Gold price risk still to downside

Chinese just aren’t buying it

The gold price tried to regain the psychologically important $1,300 an ounce level on Friday after slightly disappointing jobs number out of the US and a losing streak on Wall Street sent investors back into gold.

On the Comex division of the New York Mercantile Exchange, gold futures for August delivery closed at $1,295 an ounce, up $12 from Thursday’s trading session.

The US economy added 209,000 jobs in July – the sixth straight month of 200,000-plus gains for the first time since 1997 – but the unemployment rate edged up to 6.2% from 6.1%. The below-forecast numbers hurt the dollar which usually move in the opposite direction of the gold price.

Friday’s performance was in contrast to Wednesday’s when gold first fell back below $1,300 after US gross domestic product grew at a 4% annual pace in the second quarter; well above expectations.

Standard Bank in a research note says despite Friday’s gains the risk for the gold price remains to the downside.

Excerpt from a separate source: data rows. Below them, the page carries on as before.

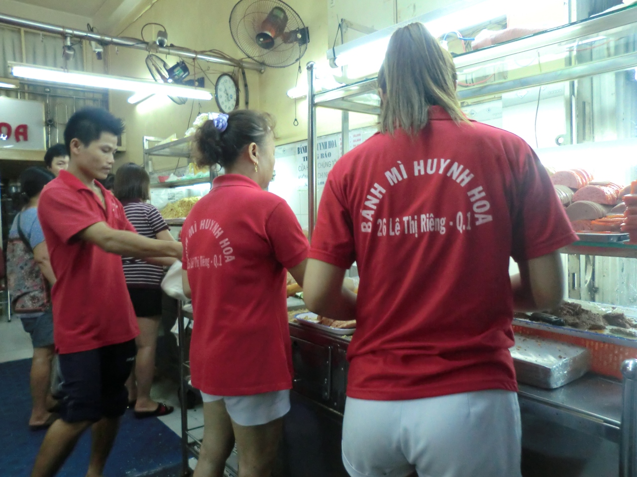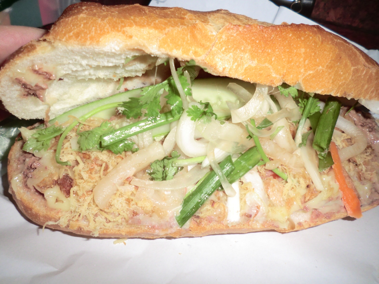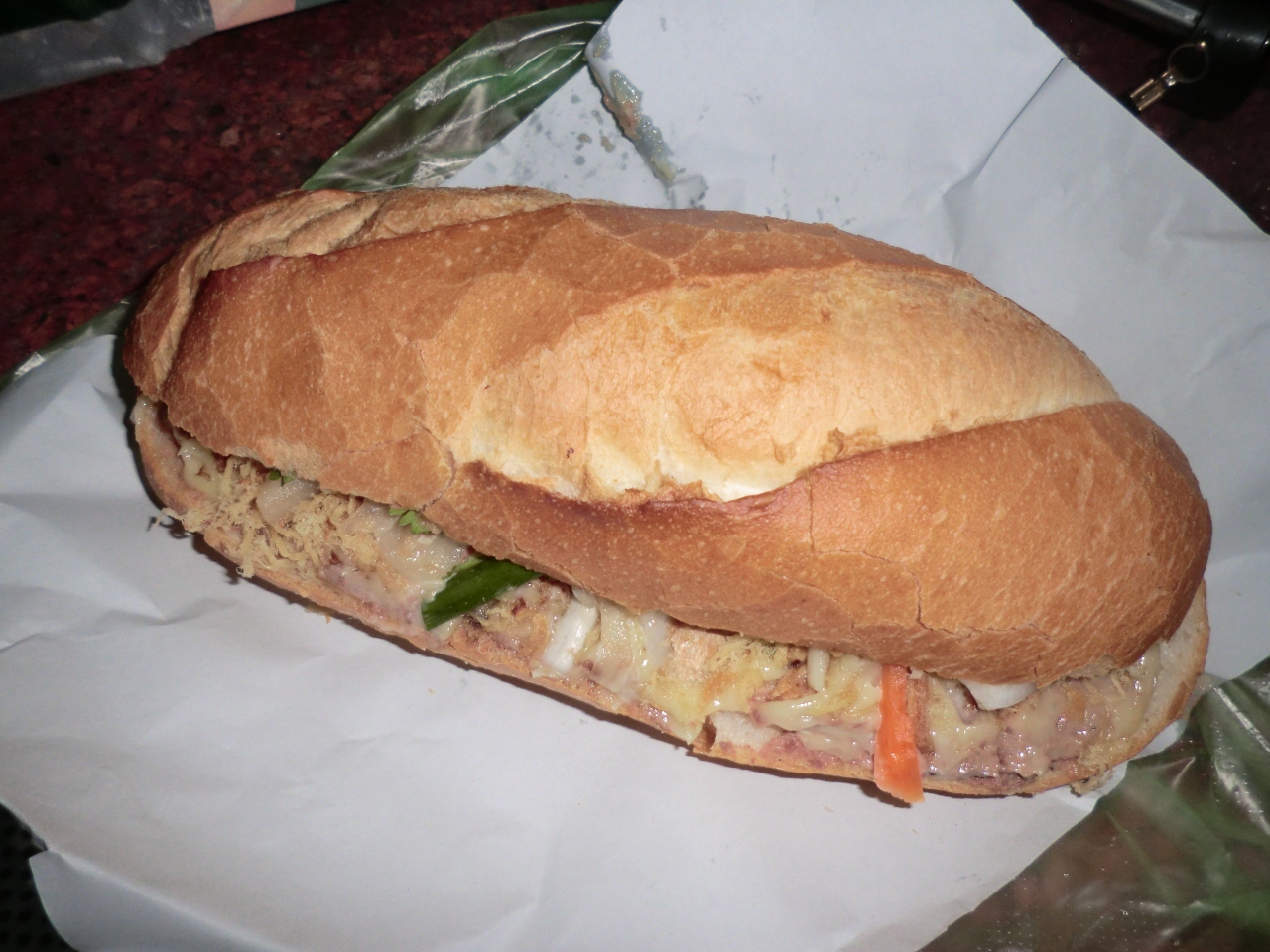 バインミーは30000ドンで、パンはふわふわぱりぱりで中は具がいっぱい。見た目以上にボリュームがありました。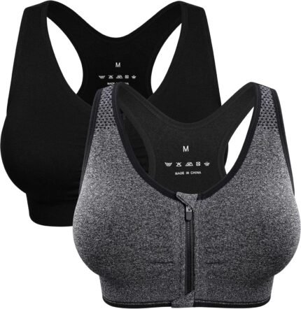 Women’s Zip Front Sports Bra Wireless Post-Surgery Bra Active Yoga Sports Bras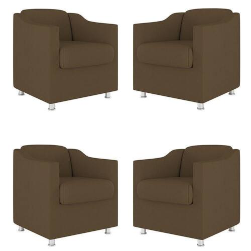 Kit 04 Poltronas Decorativas Sala De Espera Clinica Suede Cor:Marrom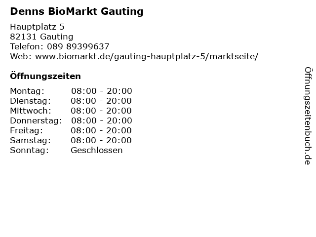 | Telefonnummer Denns BioMarkt Gauting in Gauting (089 89399637) anrufen | |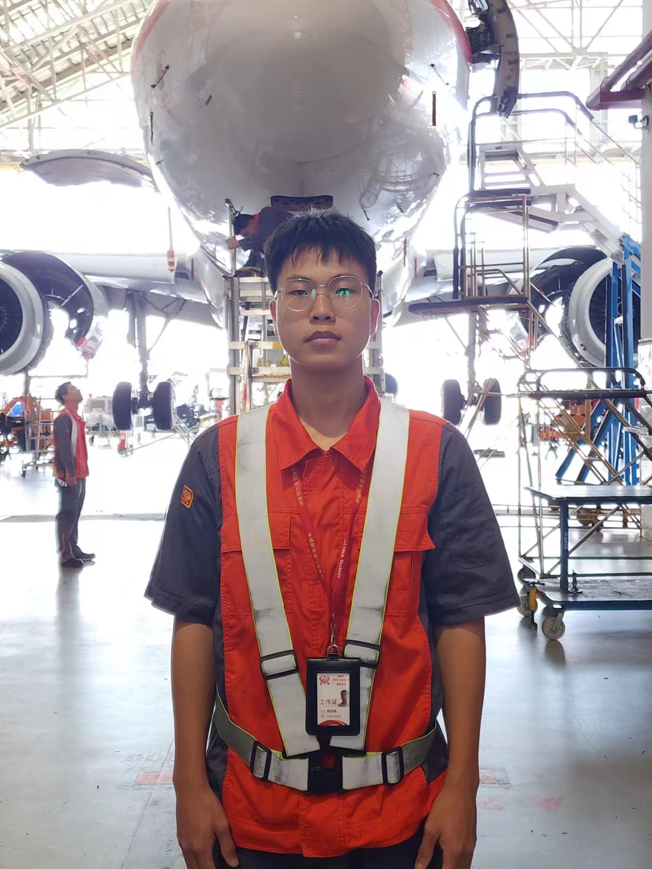 照片里这个酷似电视剧《冲上云霄》的场景,就是三亚航院飞机机电设备维修2201班的郭绍铭目前工作的地方——大新华飞机维修服务有限公司。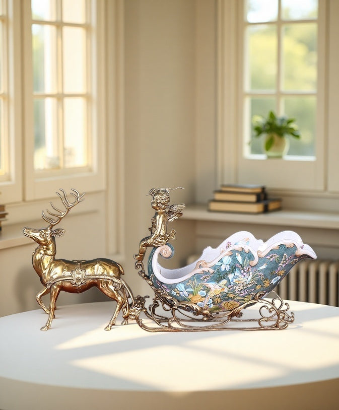 Inspired by the 18th-century French court’s obsession with "Chinoiserie," this Deer-Drawn Sleigh Wine Rack recreates the allure of Chinese porcelain art once treasured in the Palace of Versailles during Louis XVI’s reign. Crafted from high-temperature ceramic with a jade-like finish and gilded pure copper antlers and wheels, the sleigh features a charming winged cherub—reminiscent of Queen Marie Antoinette’s private collection of Oriental sculptures—infusing contemporary interiors with a 300-year-old artistic legacy.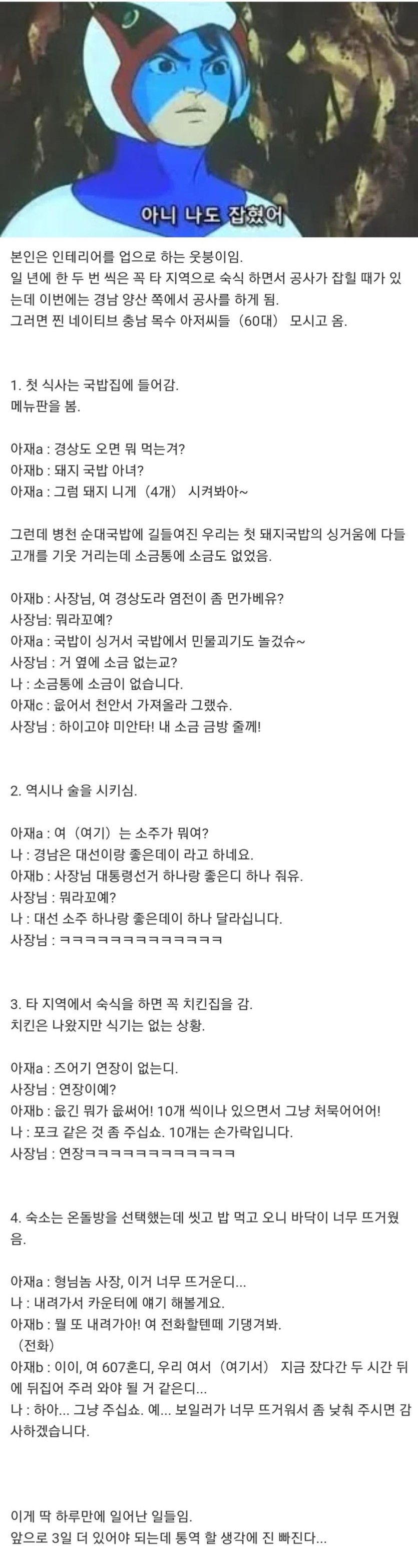 충남 아저씨들의 경남에서 충청 바이브 썰.
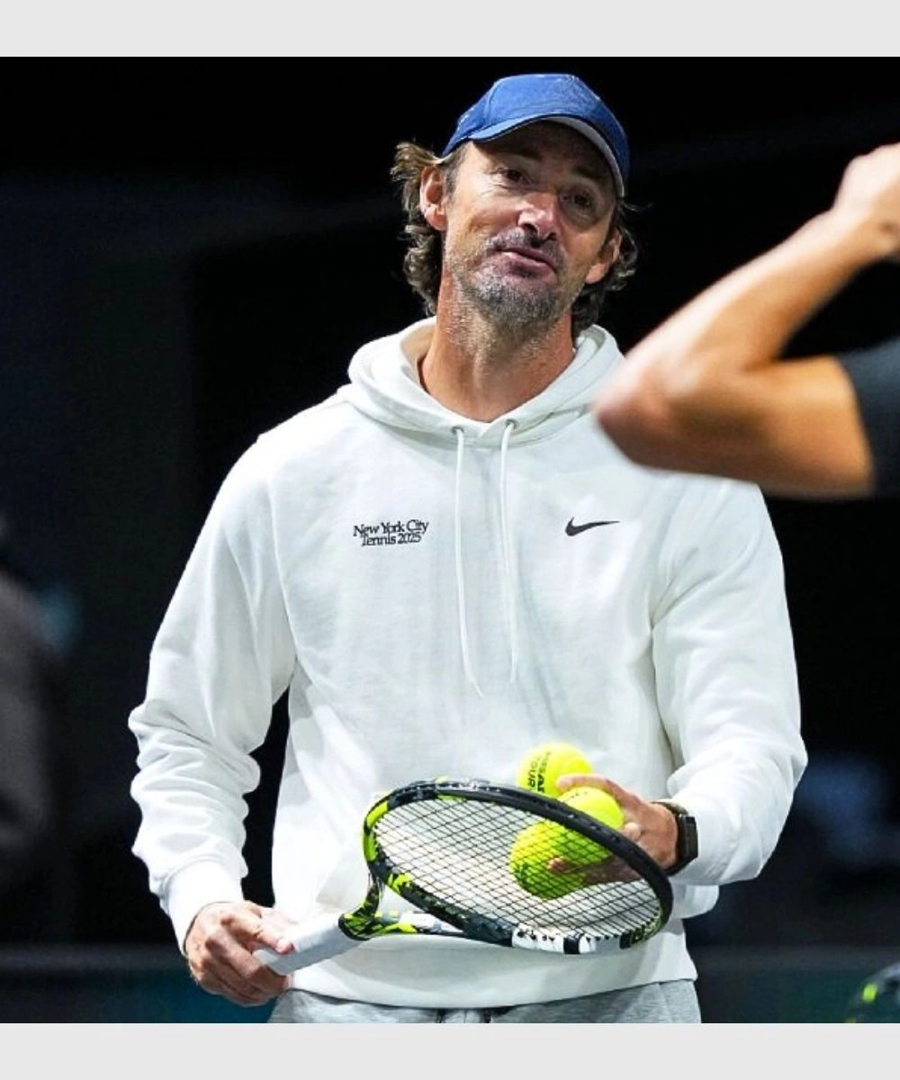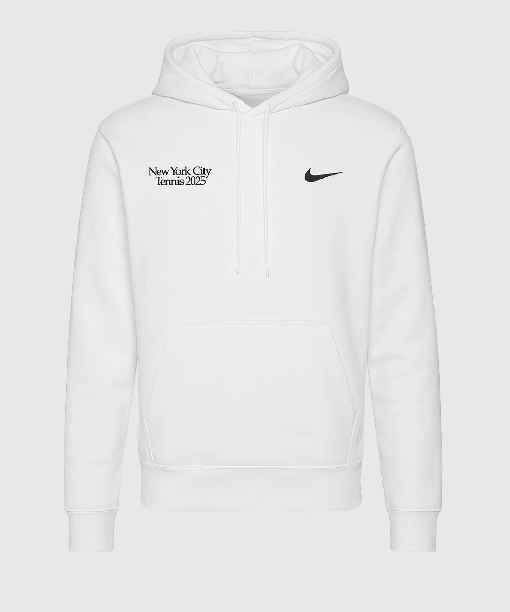 This Juan Carlos Ferrero Rolex Paris Masters white hoodie has a New York City Tennis 2025 typography in black and a Nike logo print across the chest. The crisp white piece and tailored look boast a clean silhouette, making it a versatile wardrobe wear. A front kangaroo pocket adds everyday utility with flair. You can wear it solo or beneath a bomber for a layered finish. Upgrade your style with this hoodie that’s as comfortable as it is stylish–Place your order now!

According to commodity strategist Walter de Wet while demand from China and South East Asia has improved since the slump witnessed in May, June and most of July demand for gold from Asia remains very price-sensitive.

Premiums on the Shanghai Gold Exchange improved to above $4 an ounce for the first time since May, but should US economic data disappoint – like it did on Friday – and the gold price rally, “Asia demand will likely back off again.”

Premiums on the SGE topped out at $37 when gold was trading around $1,200 last year.

Chinese gold jewellery demand – the biggest component of the country’s demand for the metal – fell for the first time since 2006 in the second quarter and could drop as much as 20% for 2014, according to a new study by Thomson Reuters GFMS, a commodity research house, released last week.